More specifically, I have a list of rows/columns that need to be ignored when choosing the max entry. In other words, when choosing the max upper triangular entry, certain indices need to skipped. In that case, what is the most efficient way to find the location of the max upper triangular entry?
For example:
>>> a
array([[0, 1, 1, 1],
[1, 2, 3, 4],
[4, 5, 6, 6],
[4, 5, 6, 7]])
>>> indices_to_skip = [0,1,2]
I need to find the index of the min element among all elements in the upper triangle except for the entries a[0,1], a[0,2], and a[1,2].
You can use np.triu_indices_from:
>>> np.vstack(np.triu_indices_from(a,k=1)).T
array([[0, 1],
[0, 2],
[0, 3],
[1, 2],
[1, 3],
[2, 3]])
>>> inds=inds[inds[:,1]>2] #Or whatever columns you want to start from.
>>> inds
array([[0, 3],
[1, 3],
[2, 3]])
>>> a[inds[:,0],inds[:,1]]
array([1, 4, 6])
>>> max_index = np.argmax(a[inds[:,0],inds[:,1]])
>>> inds[max_index]
array([2, 3]])
Or:
>>> inds=np.triu_indices_from(a,k=1)
>>> mask = (inds[1]>2) #Again change 2 for whatever columns you want to start at.
>>> a[inds][mask]
array([1, 4, 6])
>>> max_index = np.argmax(a[inds][mask])
>>> inds[mask][max_index]
array([2, 3]])
For the above you can use inds[0] to skip certains rows.
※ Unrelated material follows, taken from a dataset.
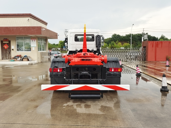 | 1.該車用于垃圾的收集清運(yùn),主要專用裝置為勾臂;2.選裝后部斜邊結(jié)構(gòu),選裝后部管接頭,選裝后部支腿結(jié)構(gòu),選裝不同勾臂結(jié)構(gòu),選裝備胎架,選裝液壓油箱位置,選裝控制盒位置;整車長(zhǎng)(mm)/軸距(mm)的對(duì)應(yīng)關(guān)系分別為:7300/4500,7500/4700;3.側(cè),后防護(hù)材料均采用Q235碳鋼,連接方式為焊接加螺栓連接,后部防護(hù)斷面尺寸(mm):120×60,離地高度470mm;4.隨底盤(pán)選裝D6.7NS6B230,B6.2NS6B210,B6.2NS6B230,DDi50E190-60,D4.5NS6B190,對(duì)應(yīng)的油耗值(L/100km)分別為:23.7,23.8,23.8,23.9,24.4;5.ABS型號(hào)/生產(chǎn)廠家:3631010-C2000/東科克諾爾商用車制動(dòng)系統(tǒng)(十堰)有限公司,ABS 8/東科克諾爾商用車制動(dòng)系統(tǒng)(十堰)有限公司, 4460046450/威伯科汽車控制系統(tǒng)(中國(guó))有限公司,J ABS/焦作博瑞克控制技術(shù)有限公司,安裝帶有衛(wèi)星定位功能的行駛記錄儀;6.隨底盤(pán)選裝高度不同的駕駛室;選裝不同部件布局;選裝前霧燈;選裝駕駛室頂部裝飾燈;選裝駕駛室前面罩;選裝前保險(xiǎn)杠及前部燈具,選裝后視鏡;選裝后部燈具;駕駛室前臉擾流罩為選裝件;駕駛室臥鋪側(cè)窗選裝裝飾板;選裝踏步結(jié)構(gòu);選裝后背式排氣管.該車型可選裝ETC車載裝置. | |||

To skip specific rows or columns:
def ignore_upper(arr, k=0, skip_rows=None, skip_cols=None):
rows, cols = np.triu_indices_from(arr, k=k)
if skip_rows != None:
row_mask = ~np.in1d(rows, skip_rows)
rows = rows[row_mask]
cols = cols[row_mask]
if skip_cols != None:
col_mask = ~np.in1d(cols, skip_cols)
rows = rows[col_mask]
cols = cols[col_mask]
inds=np.ravel_multi_index((rows,cols),arr.shape)
return np.take(arr,inds)
print ignore_upper(a, skip_rows=1, skip_cols=2) #Will also take numpy arrays for skipping.
[0 1 1 6 7]
The two can be combined and creative use of boolean indexing can help speed up specific cases.
Something interesting that I ran across, a faster way to take upper triu indices:
def fast_triu_indices(dim,k=0):
tmp_range = np.arange(dim-k)
rows = np.repeat(tmp_range,(tmp_range+1)[::-1])
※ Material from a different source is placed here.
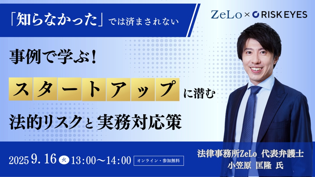 近年、企業の不祥事やトラブルはニュースでも頻繁に取り上げられ、一度発生すると企業価値を大きく損なうリスクがあります。 本セミナーでは、リスク管理や内部統制の整備に不安を抱えるスタートアップの経営者や法務・管理部門の皆様を対象に、スタートアップで発生しやすい不祥事やトラブルの事例を取り上げ、「何を準備し、どう対応すべきか」といった実務に直結するポイントを解説します。 自らもスタートアップを創業し、数多くのスタートアップを支援してきた法律事務所ZeLo代表・小笠原匡隆弁護士が、法的な観点から「トラブルを未然に防ぐ方法」と「万が一発生してしまった際の具体的な対応策」について、分かりやすくご説明します。

cols = np.ones(rows.shape[0],dtype=np.int)
inds = np.cumsum(tmp_range[1:][::-1]+1)
np.put(cols,inds,np.arange(dim*-1+2+k,1))
cols[0] = k
np.cumsum(cols,out=cols)
return (rows,cols)
Its about ~6x faster although it does not work for k<0:
dim=5000
a=np.random.rand(dim,dim)
k=50
t=time.time()
rows,cols=np.triu_indices(dim,k=k)
print time.time()-t
0.913508892059
t=time.time()
rows2,cols2,=fast_triu_indices(dim,k=k)
print time.time()-t
0.16515994072
print np.allclose(rows,rows2)
True
print np.allclose(cols,cols2)
True